On Fri, Sep 26, 2025 at 11:23 PM Tom Lane <tgl(at)sss(dot)pgh(dot)pa(dot)us> wrote:
> Richard Guo <guofenglinux(at)gmail(dot)com> writes:
> > Looking at choose_plan_name(), IIUC, the nested loop is used to find
> > the next unused suffix number for a given name. I'm wondering why not
> > simply iterate through glob->subplanNames once, check the suffix
> > number for each name matching the given base name, determine the
> > current maximum suffix, and then use "max_suffix + 1" as the next
> > unused suffix. This approach requires only a single pass through the
> > list, and if there's a bug, the worst-case scenario would be a
> > duplicate name rather than an infinite loop. It seems to me that this
> > approach is both more efficient and less risky.

> "simply" is perhaps not the right adjective there. My guess is that
> this approach nets out to more code, more possibilities for bugs
> (especially in cases where one name is a prefix of another), and
> will be slower in typical cases with just a few subplan names.
>
> As an example of edge cases that your idea introduces, what happens
> if a user-written subquery name is "expr_999999999999999999999999"
> and then we need to generate a unique name based on "expr"? Now
> we have an integer-overflow situation to worry about, with possibly
> platform-dependent results.

I'd argue that this hypothetical edge case can be resolved with a bit
of canonicalization in how subplan names are represented internally.
I think the issue you mentioned arises because there is no clearly
distinction between the base name and the numeric suffix. I haven't
spent much time thinking about it, but an off-the-cuff idea is to
require that all subplan names in glob->subplanNames end with a suffix
of the form "_<number>". (If no numeric suffix is required, we can
use the suffix "_0".) With this convention, we can simply split
on the last underscore: everything before it is the base name, and
everything after is the numeric suffix.

The user-written subquery name "expr_999999999999999999999999" would
be internally represented as "expr_999999999999999999999999_0". Then,
when we need to generate a unique name based on "expr", it won't match
with the base name of that subquery name.

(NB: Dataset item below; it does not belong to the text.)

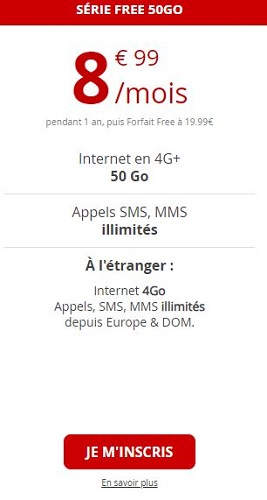 - Couverture 4G+ 50Go en France métropolitaine (débit réduit au-delà)

With this canonicalization in place, my proposed approach is simply a
matter of applying strrchr(name, '_') and tracking the maximum suffix
number in a single pass over glob->subplanNames. I think this can be
handled with straightforward, basic C code. It seems to me that
this could also eliminate the need for the additional loop under the
"if (!always_number)" branch in choose_plan_name().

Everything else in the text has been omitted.